_What you have to do_
The expected answer is the data below, printed verbatim without its pictures.
(Entries supplied Opens)
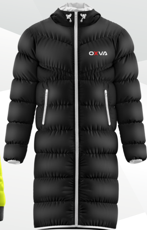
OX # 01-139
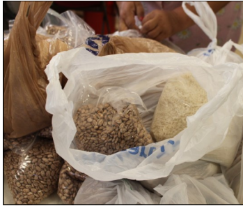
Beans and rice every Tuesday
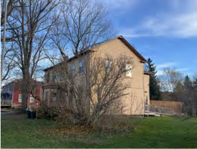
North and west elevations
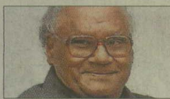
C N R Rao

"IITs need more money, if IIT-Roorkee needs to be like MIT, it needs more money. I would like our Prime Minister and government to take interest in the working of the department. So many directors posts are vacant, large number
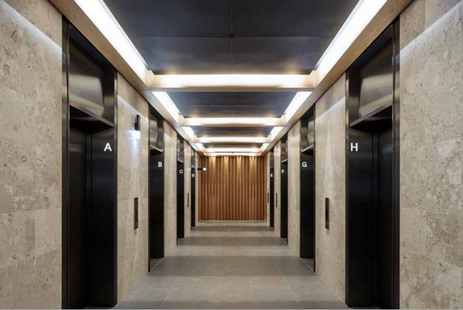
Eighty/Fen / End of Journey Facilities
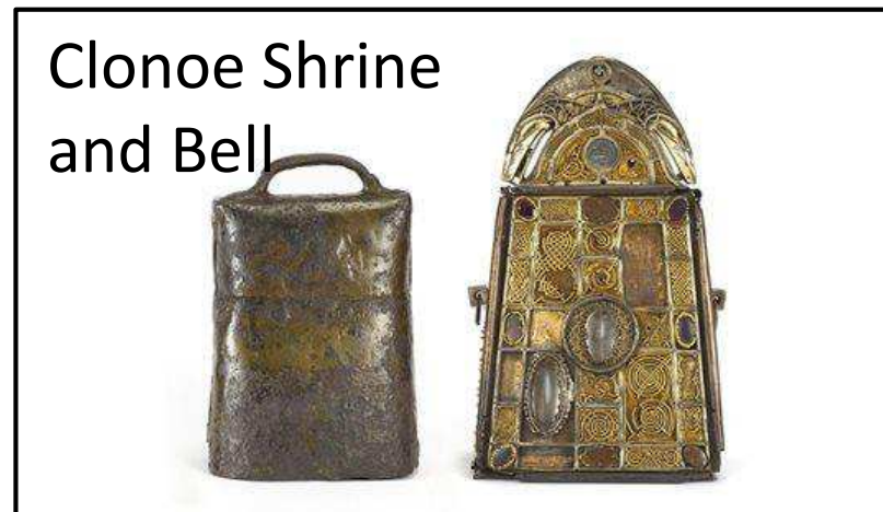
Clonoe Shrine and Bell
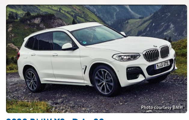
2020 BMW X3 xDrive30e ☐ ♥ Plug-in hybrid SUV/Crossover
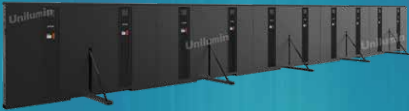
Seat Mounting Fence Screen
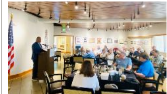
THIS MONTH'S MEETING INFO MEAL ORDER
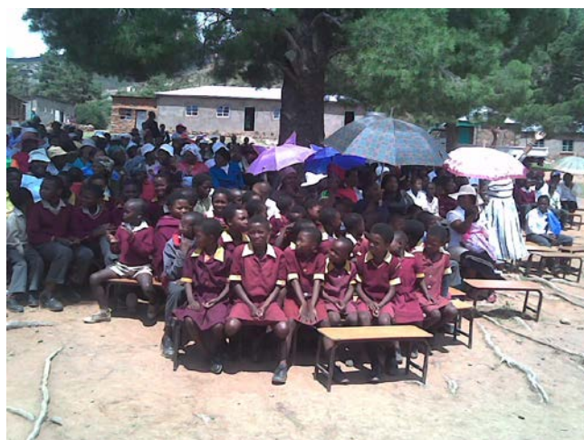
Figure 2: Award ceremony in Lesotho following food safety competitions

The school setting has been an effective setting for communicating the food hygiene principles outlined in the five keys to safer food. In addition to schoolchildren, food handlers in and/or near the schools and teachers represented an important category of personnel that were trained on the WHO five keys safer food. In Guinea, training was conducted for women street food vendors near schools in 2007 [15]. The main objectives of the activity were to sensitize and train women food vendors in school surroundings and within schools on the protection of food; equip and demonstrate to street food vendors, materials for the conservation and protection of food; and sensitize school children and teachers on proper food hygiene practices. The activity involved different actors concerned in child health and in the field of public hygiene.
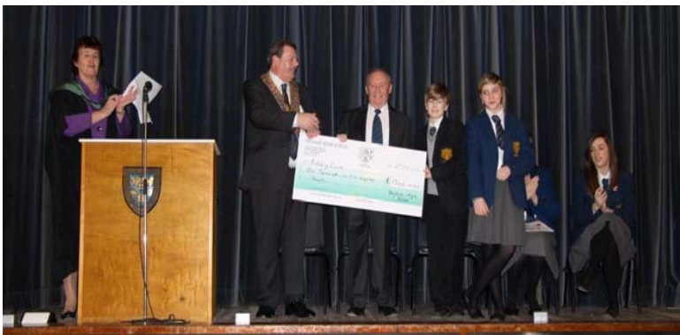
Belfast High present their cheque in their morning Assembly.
(Entries supplied Closes)
_Output of the task_
OX # 01-139
Beans and rice every Tuesday
North and west elevations
C N R Rao

"IITs need more money, if IIT-Roorkee needs to be like MIT, it needs more money. I would like our Prime Minister and government to take interest in the working of the department. So many directors posts are vacant, large number
Eighty/Fen / End of Journey Facilities
Clonoe Shrine and Bell
2020 BMW X3 xDrive30e ☐ ♥ Plug-in hybrid SUV/Crossover
Seat Mounting Fence Screen
THIS MONTH'S MEETING INFO MEAL ORDER
Figure 2: Award ceremony in Lesotho following food safety competitions

The school setting has been an effective setting for communicating the food hygiene principles outlined in the five keys to safer food. In addition to schoolchildren, food handlers in and/or near the schools and teachers represented an important category of personnel that were trained on the WHO five keys safer food. In Guinea, training was conducted for women street food vendors near schools in 2007 [15]. The main objectives of the activity were to sensitize and train women food vendors in school surroundings and within schools on the protection of food; equip and demonstrate to street food vendors, materials for the conservation and protection of food; and sensitize school children and teachers on proper food hygiene practices. The activity involved different actors concerned in child health and in the field of public hygiene.
Belfast High present their cheque in their morning Assembly.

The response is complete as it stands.